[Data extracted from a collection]
■ ■ ■ ■ ■

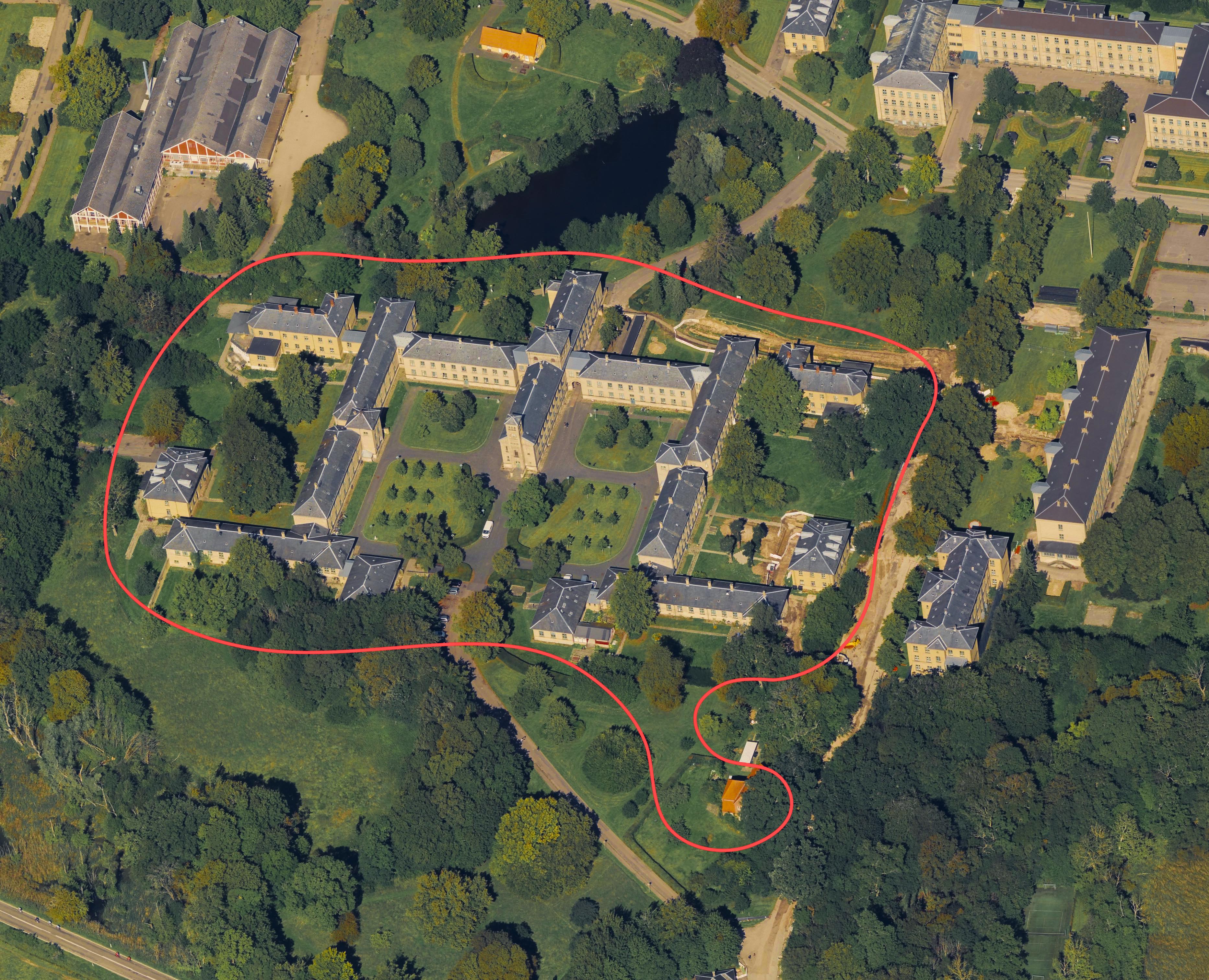 - Kurhus, Krathus, Bygning 32, Vesterhus, Bygning 21 samt Sønderport udgør til sammen et etageareal på knap 15.000 m2 og et grundareal på 13.300 m2.
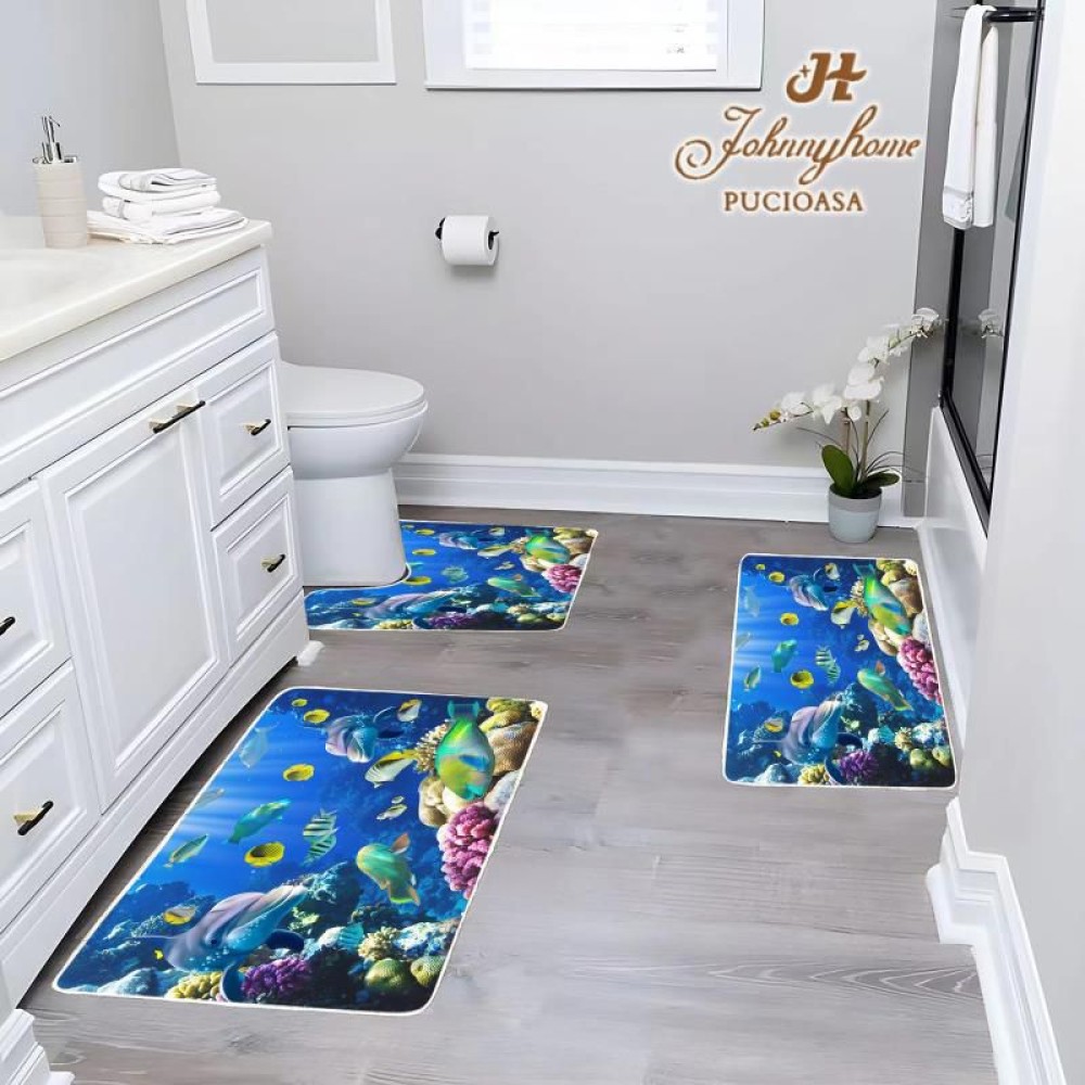 Set 3 covoare pentru Baie, Albastru, pesti, delfini, Johny Home Pucioasa, cod produs: SPR-W-06
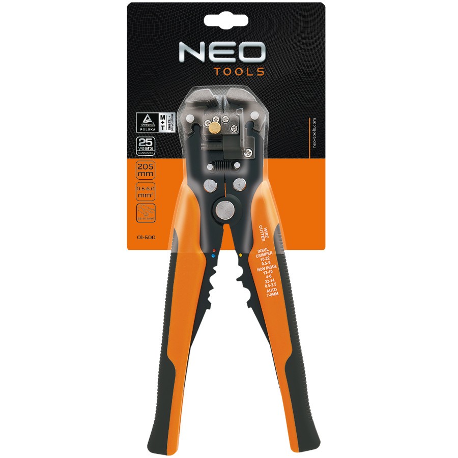 Automatic NEO wire stripper sized 205 mm. Used for stripping and crimping jobs. Working range between 0.2 and 6 mm2, for crimping terminals 1.5 to 6 mm2. Jaws are made of exceptionally durable steel with hardness 52-57 HRC, which guarantees many years of tool life. Two material ergonomic handle improves the comfort of work. Tool quality confirmed with TÜV certificate and 25 years manufacturer's warranty.
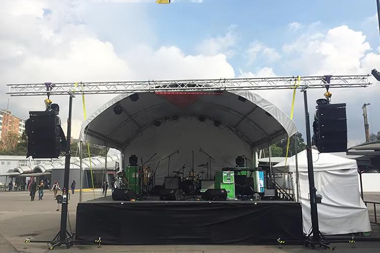 For heavier speaker systems and professional events, truss tower systems are used instead of crank stands.
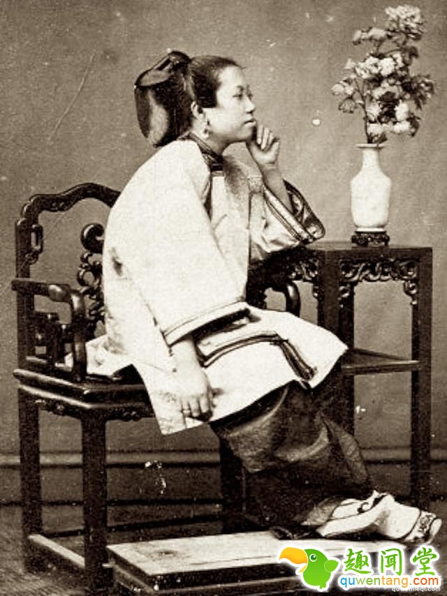 百年前晚清女子的真实形象:图为晚清妇女,斜坐在椅子上,单手拖着脸看着前方,若有所思,有点驼背。

■ ■ ■ ■ ■

* **WHAT IS EXPECTED**:
The records above must be returned exactly, with each picture omitted.

* **RESPONSE FOR THIS EXERCISE**:
 - Kurhus, Krathus, Bygning 32, Vesterhus, Bygning 21 samt Sønderport udgør til sammen et etageareal på knap 15.000 m2 og et grundareal på 13.300 m2.
 Set 3 covoare pentru Baie, Albastru, pesti, delfini, Johny Home Pucioasa, cod produs: SPR-W-06
 Automatic NEO wire stripper sized 205 mm. Used for stripping and crimping jobs. Working range between 0.2 and 6 mm2, for crimping terminals 1.5 to 6 mm2. Jaws are made of exceptionally durable steel with hardness 52-57 HRC, which guarantees many years of tool life. Two material ergonomic handle improves the comfort of work. Tool quality confirmed with TÜV certificate and 25 years manufacturer's warranty.
 For heavier speaker systems and professional events, truss tower systems are used instead of crank stands.
 百年前晚清女子的真实形象:图为晚清妇女,斜坐在椅子上,单手拖着脸看着前方,若有所思,有点驼背。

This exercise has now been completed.